Tools
KaMi App
https://huggingface.co/spaces/lterriel/kami-app
KaMi stands for Kraken Model Inspector
This tool evaluates the success of a transcription task comparing a correct transcription (reference) and a prediction. The results are then the Levenshtein distance of this evaluation, the Word Error Rate (WER), the Character Error Rate (CER), the Word Accuracy (Wacc), as well as some others statistics taken from the Speech Recognition domain.
KaMi also offers the possibility to ignore some specificities from the transcription to obtain a more accurate analysis. Thus, it is possible to choose to ignore digits, punctuation, diacritics and cases from the transcription. The statistics at the end will be given with and without what was chosen before initializing the comparison. For example, if everything is selected, the statistics given will be one with a complete comparison, no specificities taken into account, then one with the digits ignored, one with the punctuation ignored, etc. and at the end, one with all the options ignored combined.
eScriptorium
https://escriptorium.paris.inria.fr/
eScriptorium is a digital text production pipeline for print and handwritten texts using machine learning techniques. Completely open-source and well-documented, it offers multiple ways to work on the transcription of corpora.

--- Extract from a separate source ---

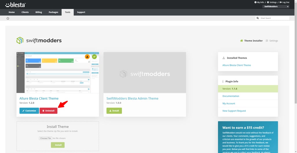 2. Uninstall the Allure Blesta Theme via the Theme Installer
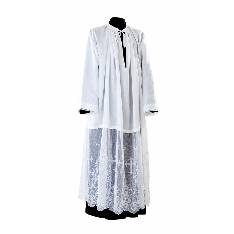 Túnica/Alva de linho natural com renda litúrgica em tule de altíssima qualidade.

First of all, eScriptorium offers the possibility to import and export many things. The images can be imported in different formats, such as TIFF, JPG or PDF, but also with their IIIF links, provided that the manifest is on hand. In the case where a transcription/segmentation is already available in an ALTO/PAGE XML format, it can also be imported into eScriptorium. Finally, models can be imported into eScriptorium to do segmentation, transcription or training. The interface also allows us to export from it, whether it is the transcription once it is done (in PAGE XML, ALTO XML or text format), the images or the new models. In summary, everything that has been imported can usually be exported right back.

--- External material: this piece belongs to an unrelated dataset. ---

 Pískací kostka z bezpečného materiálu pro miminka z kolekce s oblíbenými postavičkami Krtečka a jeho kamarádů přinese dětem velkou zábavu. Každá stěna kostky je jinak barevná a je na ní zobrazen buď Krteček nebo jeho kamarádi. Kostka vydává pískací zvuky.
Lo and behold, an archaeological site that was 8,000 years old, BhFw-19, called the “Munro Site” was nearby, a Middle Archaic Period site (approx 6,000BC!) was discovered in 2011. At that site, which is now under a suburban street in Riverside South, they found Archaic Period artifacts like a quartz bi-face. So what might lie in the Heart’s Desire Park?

With eScriptorium, it is possible to do automatic and manual transcription. If a model is available to segment and/or transcribe the corpus, it can be applied to the images after being imported on the interface. Once it is done, it is still possible to modify this transcription manually, as the production of the model (the transcription) is available and modifiable. If no model can be used, eScriptorium also proposes manual transcription, line by line, according to the segmentation of the images.
Finally, and that might be one of the most important part, with those transcriptions, manual or automatic, eScriptorium can train models for segmentation or text recognition. This training can be done from scratch, with only the ground truth selected for the training, or finetuned, by preselecting an already imported model from eScriptorium to improve its recognition.